Keywords: Deep Learning, Sequence Architecture, Recurrent Neural Network, State Space Model, Linear RNN, SSM, Mamba, Linear Attention, RWKV, DeltaNet, DeltaProduct, Looped Architecture, Recurrent Depth, Equilibrium Model, DEQ, Implicit Neural Network, Implicit Model, Neural ODE, Adaptive Computation Time, ACT, Test-Time Computation, Test-Time Compute, Reasoning, State-Tracking, A5, S5, Copying, CatbAbi
TL;DR: We introduce the Fixed-Point RNN framework to solve state-tracking tasks by parameterizing the state transition matrix as implicitly dense.
Abstract: Linear recurrent neural networks (RNNs) and state-space models (SSMs) such as Mamba have become promising alternatives to softmax-attention as sequence mixing layers in Transformer architectures.
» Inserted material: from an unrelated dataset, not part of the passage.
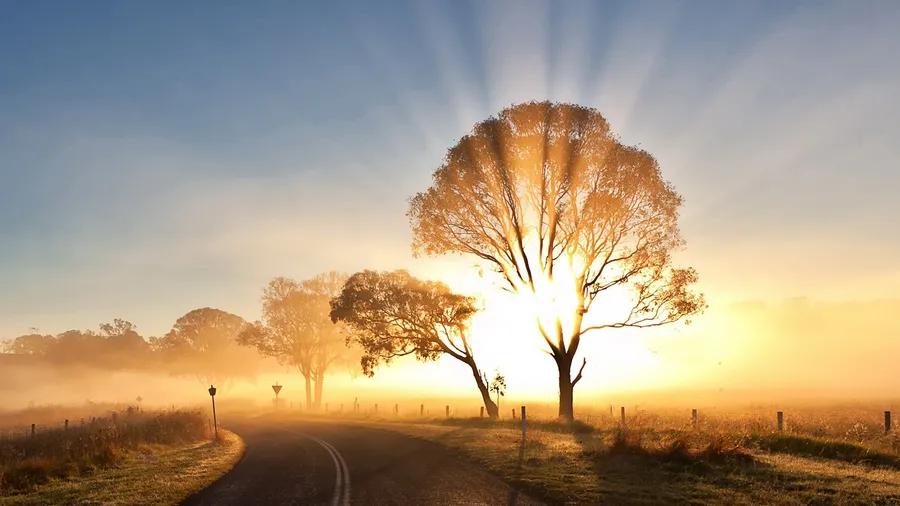 Radiant Dawn: Sun Rising Over Beautiful Landscape Wallpaper -
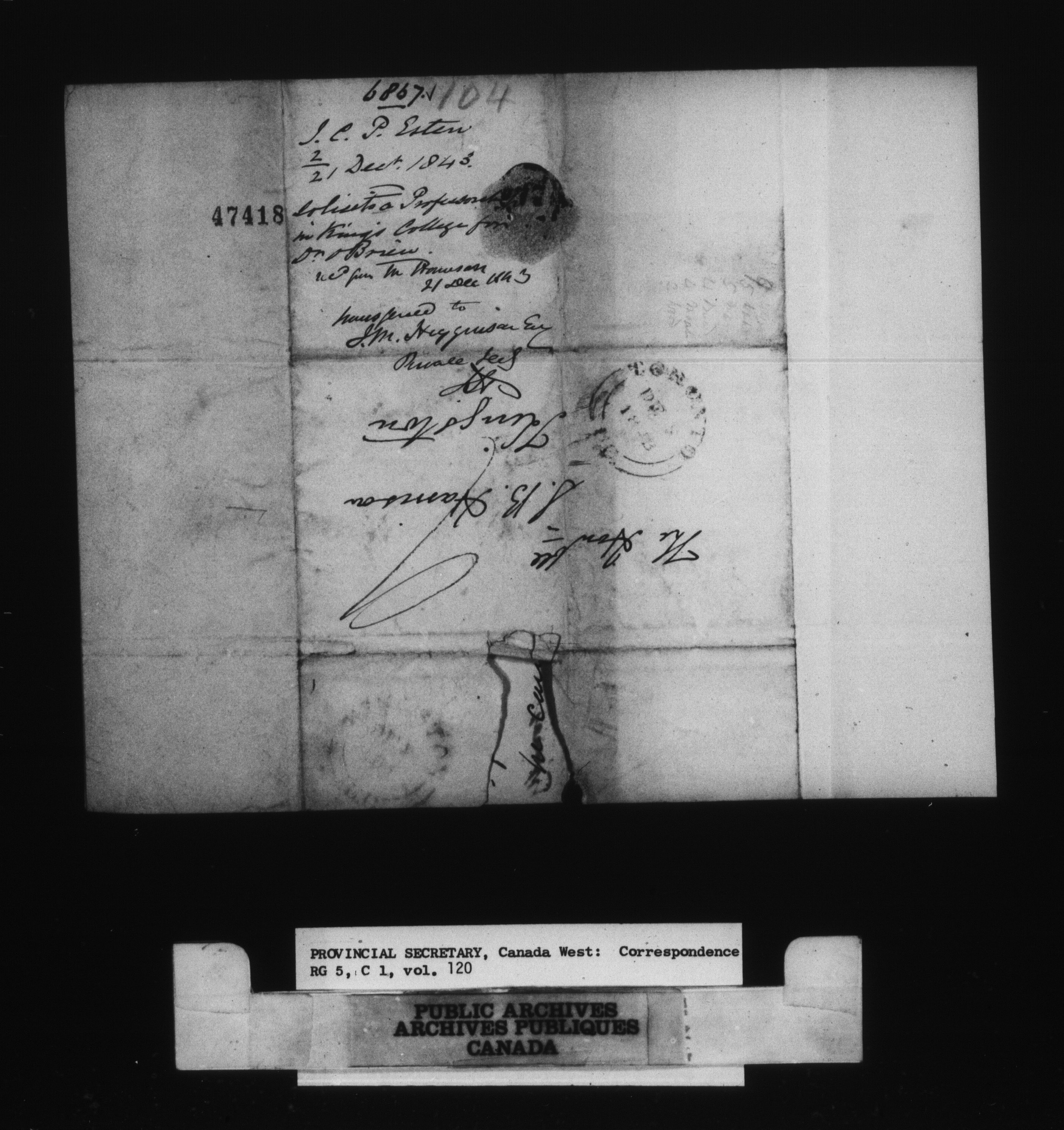 RG 5 C1, Provincial Secretary, Correspondence, Canada West - 15754

Current models, however, do not exhibit the full state-tracking expressivity of RNNs because they rely on channel-wise (i.e. diagonal) sequence mixing. 
In this paper, we investigate parameterizations of a large class of dense linear RNNs as fixed-points of parallelizable diagonal linear RNNs.
The resulting models can naturally trade expressivity for efficiency at a fixed number of parameters
and achieve state-of-the-art results on the state-tracking benchmarks $A_5$ and $S_5$, while matching performance on copying and other tasks.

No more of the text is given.